Dear all, Running a transie
Running a transient simulation of mixing in a T junction using the Oodles solver extended with a passive scalar, the velocity field shows checkerboard oscillations.
These oscillations occur in the two inlet ducts before the mixing zone. Downstream the mixing zone the velocity seems smooth (but of course turbulent).
I use the linear scheme for div(phi,U) and the other div schemes are set to limitedLinear. The mesh is built of hexahedrals, while the time step is such that Co_max = 1.4 or something. Co_mean is 0.2.
Regarding the extended oodles solver: I did not change any solution algoritm.
Anyone having a clue?
Hi, I have seen same kind of
I have seen same kind of checkerboard oscillations
when running implicit LES (LES with no sgs model) of a free jet that enters a chamber i.e. when using the "linear" scheme. This was at a situation where Co_max = 0.10. My understanding is that if
the cell Reynolds number ( U*dx/nu ) is smaller than two, oscillations will most probably not
develop. Otherwise they will probably be seen.
I guess this
would need some kind of a further comment...

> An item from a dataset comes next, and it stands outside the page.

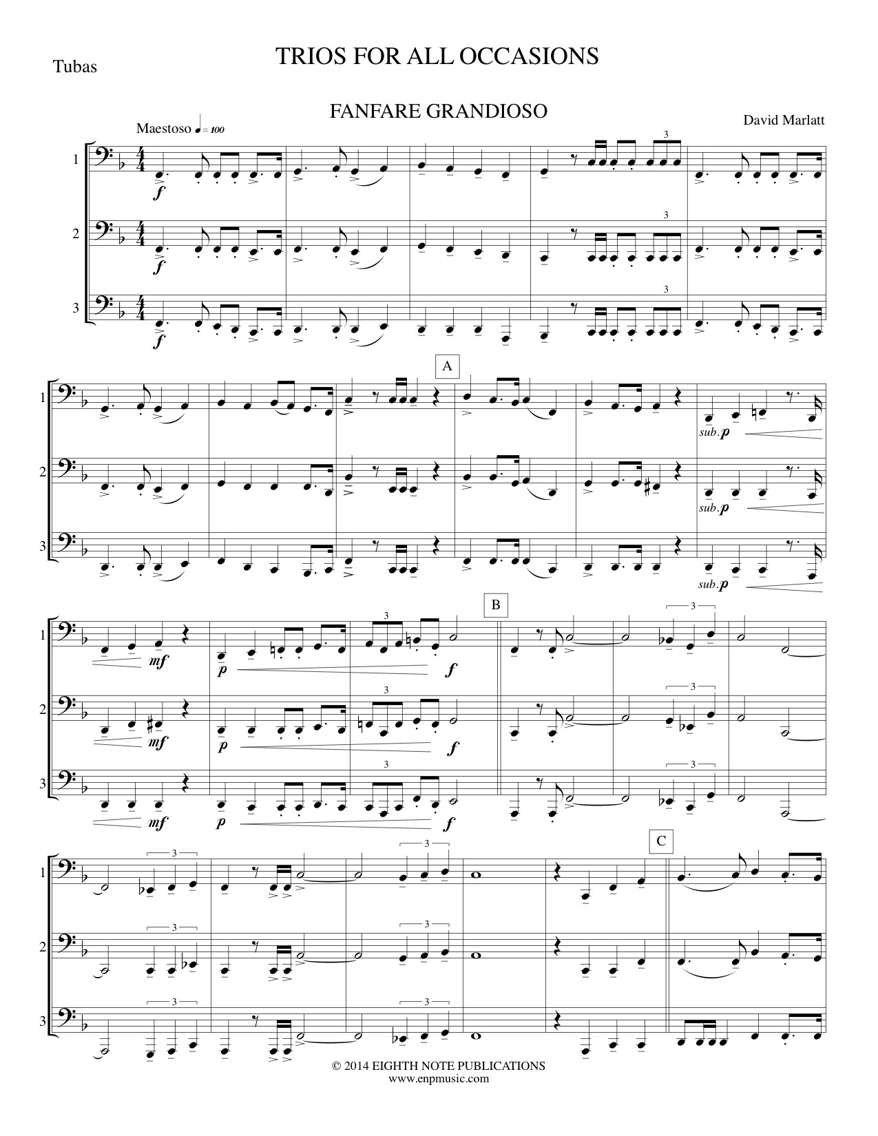 This is a collection of compositions and arrangements of well-loved music set for 3 like-instruments. The arrangements are suitable for a variety of performance situations such as school concerts, at church or on gigs in the community. Pieces included are: Fanfare Grandioso, Trumpet Voluntary, Ode to Joy, March Triumphant, Little Brown Jug, Allegro Maestoso from Water Music, Washington Post, Abide With Me, Still, Still, Still, Christ the Lord is Risen Today, Canon (Mozart), The Dwarfs March Home, The Entertainer and Brain Waves.

I don't know if the available discretization schemes are
actually a limitation of doing e.g. DNS with OF.
Hej, Regarding the cell rey
Regarding the cell reynolds number as mentioned by Ville: this would force me to use a very fine mesh, I think. But it depends on your definition of nu (subgrid viscosity or the fluid viscosity).
Nevertheless, it seems that spatial discretization is the main source of 'checkerboard' oscillations in the case I described. The filteredLinear scheme does not show the oscillations while the linear scheme does.
I found out however that keeping Co_max < 1 helps the solver anyway to keep stable for both schemes, despite the checkboarding of the latter.
Does someone has a clue regarding the order of accuracy of the filteredLinear scheme? From the header-file in the source it seems that it should be 2nd order for 80% of the solution.
Hi, I don't know about the fi
I don't know about the filteredLinear scheme but it would be very interesting to give it a try.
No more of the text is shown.